[Stored data]

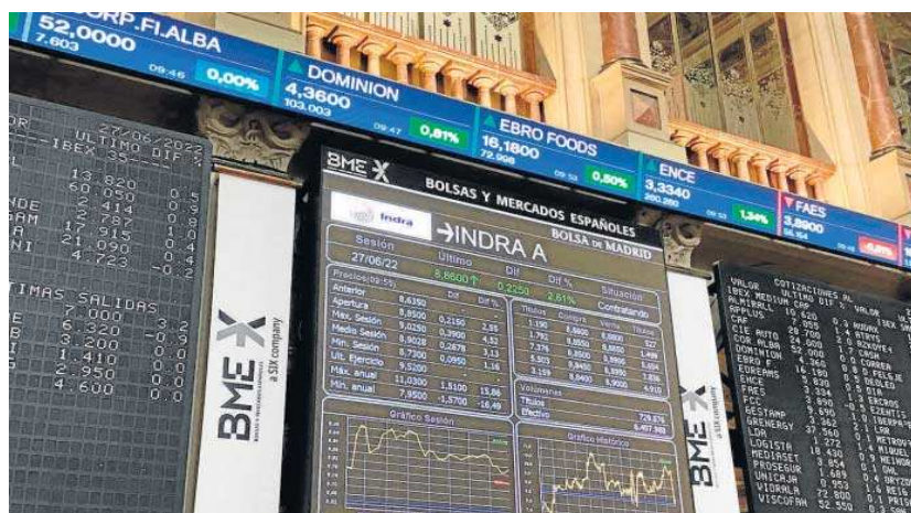
La Bolsa de Madrid, ayer.
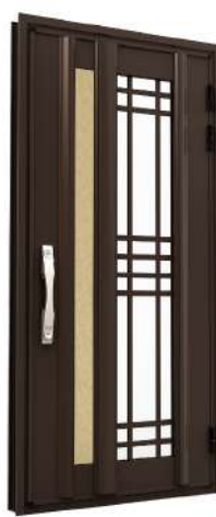
EG02 消光咖啡+金萱玻璃
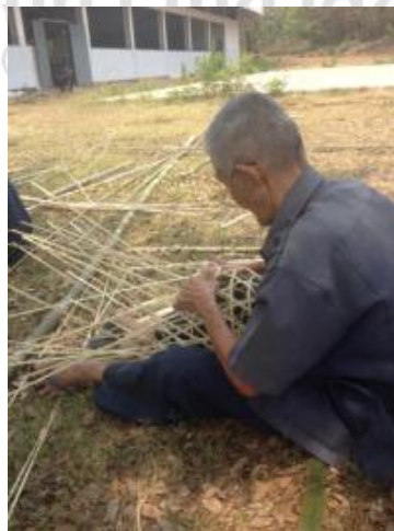
ภาพที่ 4.16 แสดงขั้นตอนการสานไม้ไผ่เพื่อทำโครงช้างผ้า
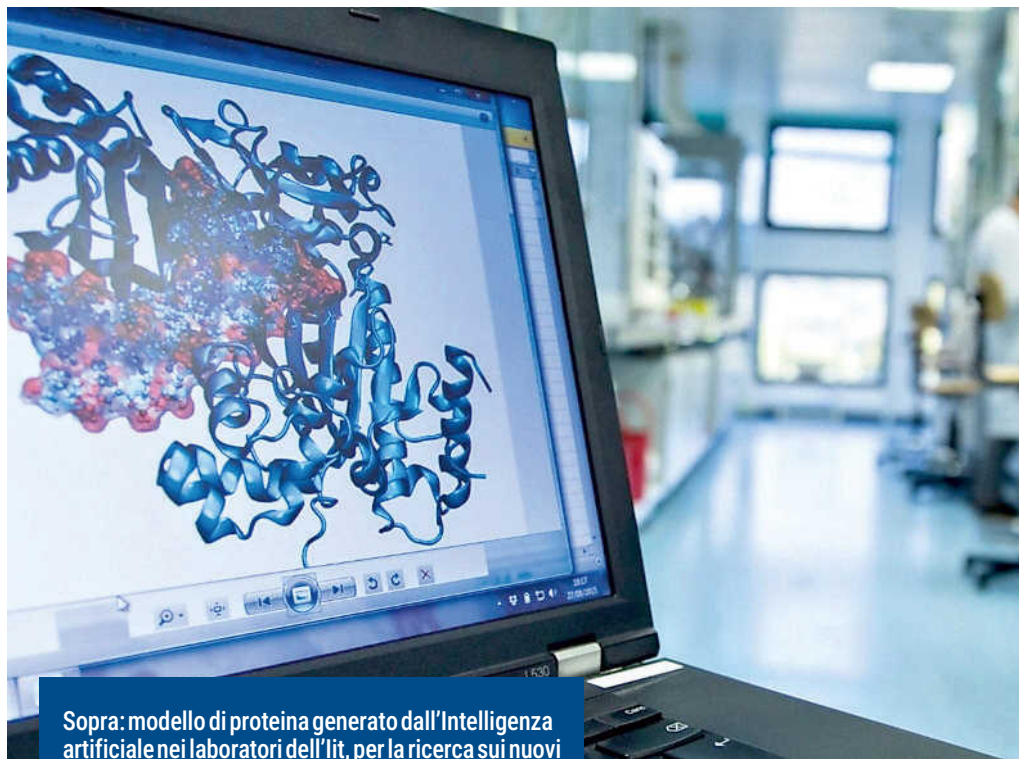
Sopra: modello di proteina generato dall'Intelligenza artificiale nei laboratori dell'Iit, per la ricerca sui nuovi farmaci. Sotto: la nuova risonanza magnetica al San Martino, che sfrutta l'AI. L'utilizzo dei dati raccolti da queste macchine è al centro del dibattito

Più soggetti in campo per sviluppare con le startup, gli ospedali genovesi e il supercomputer degli Erzelli un modo innovativo per realizzare le medicine per la cura delle malattie
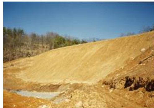
Remblai renforcé achevé
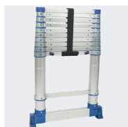
Estabilizadores retráctiles para los modelos de 3,20 / 3,80 y 4,40 m
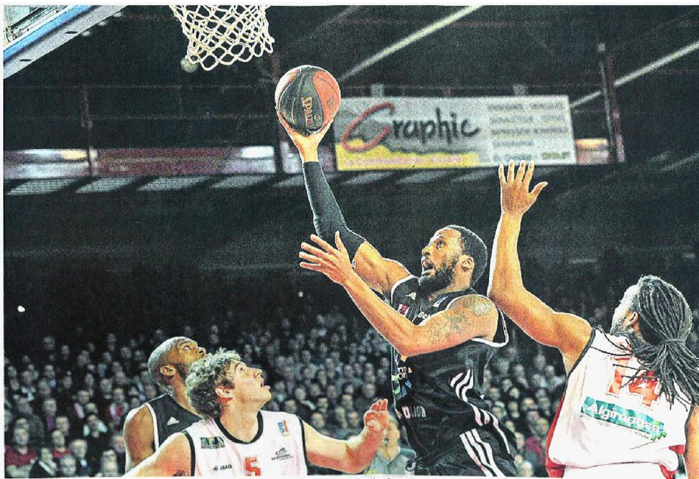
Cholet, la Meilleraie, hier. Le Dijonnais Moss s'est amusé comme un fou dans la raquette. Causeur et Falcker peuvent en témoigner.

Complètement à côté de ses baskets, Cholet s'est fait corriger par la JDA Dijon, hier soir, dans une salle de la Meilleraie frondeuse. Une cinquième défaite consécutive qui dit tout le mal choletais. Inquiétant.
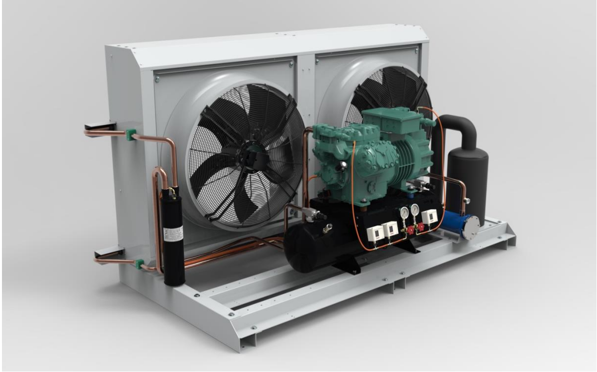
Unidad condensadora con compresor Bitzer
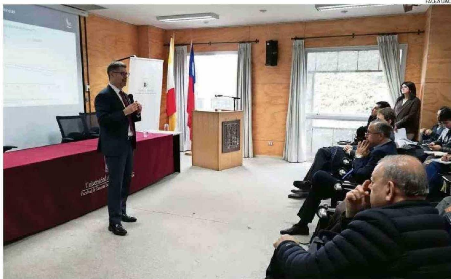
EN LA FACULTAD DE CIENCIAS ECONÓMICAS Y ADMINISTRATIVAS DE LA UACH SE LLEVÓ A CABO LA PRESENTACIÓN DEL IPoM SEPTIEMBRE 2024.

celebró el 7 de septiembre la Facultad de Ciencias Económicas y Administrativas de la UACH y en ese marco se realizó ayer la presentación del IPoM en sus dependencias.
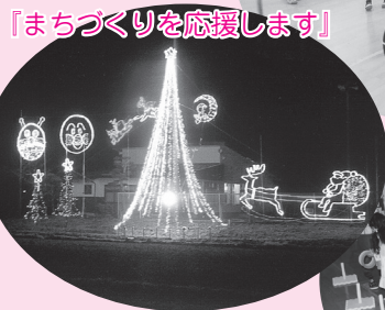
「まちづくりを応援します」
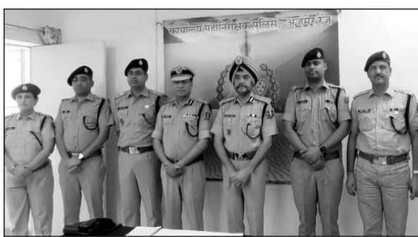
रेंज आईजी कार्यालय में गार्ड ऑफ ऑनर से हुआ स्वागत।
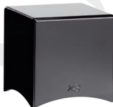
SANTORIN 21 CAISSON DE GRAVES

[/Stored data]

Assigned task:
All of the material above should be output exactly, with the pictures left behind.

Answer space:
La Bolsa de Madrid, ayer.
EG02 消光咖啡+金萱玻璃
ภาพที่ 4.16 แสดงขั้นตอนการสานไม้ไผ่เพื่อทำโครงช้างผ้า
Sopra: modello di proteina generato dall'Intelligenza artificiale nei laboratori dell'Iit, per la ricerca sui nuovi farmaci. Sotto: la nuova risonanza magnetica al San Martino, che sfrutta l'AI. L'utilizzo dei dati raccolti da queste macchine è al centro del dibattito

Più soggetti in campo per sviluppare con le startup, gli ospedali genovesi e il supercomputer degli Erzelli un modo innovativo per realizzare le medicine per la cura delle malattie
Remblai renforcé achevé
Estabilizadores retráctiles para los modelos de 3,20 / 3,80 y 4,40 m
Cholet, la Meilleraie, hier. Le Dijonnais Moss s'est amusé comme un fou dans la raquette. Causeur et Falcker peuvent en témoigner.

Complètement à côté de ses baskets, Cholet s'est fait corriger par la JDA Dijon, hier soir, dans une salle de la Meilleraie frondeuse. Une cinquième défaite consécutive qui dit tout le mal choletais. Inquiétant.
Unidad condensadora con compresor Bitzer
EN LA FACULTAD DE CIENCIAS ECONÓMICAS Y ADMINISTRATIVAS DE LA UACH SE LLEVÓ A CABO LA PRESENTACIÓN DEL IPoM SEPTIEMBRE 2024.

celebró el 7 de septiembre la Facultad de Ciencias Económicas y Administrativas de la UACH y en ese marco se realizó ayer la presentación del IPoM en sus dependencias.
「まちづくりを応援します」
रेंज आईजी कार्यालय में गार्ड ऑफ ऑनर से हुआ स्वागत।
SANTORIN 21 CAISSON DE GRAVES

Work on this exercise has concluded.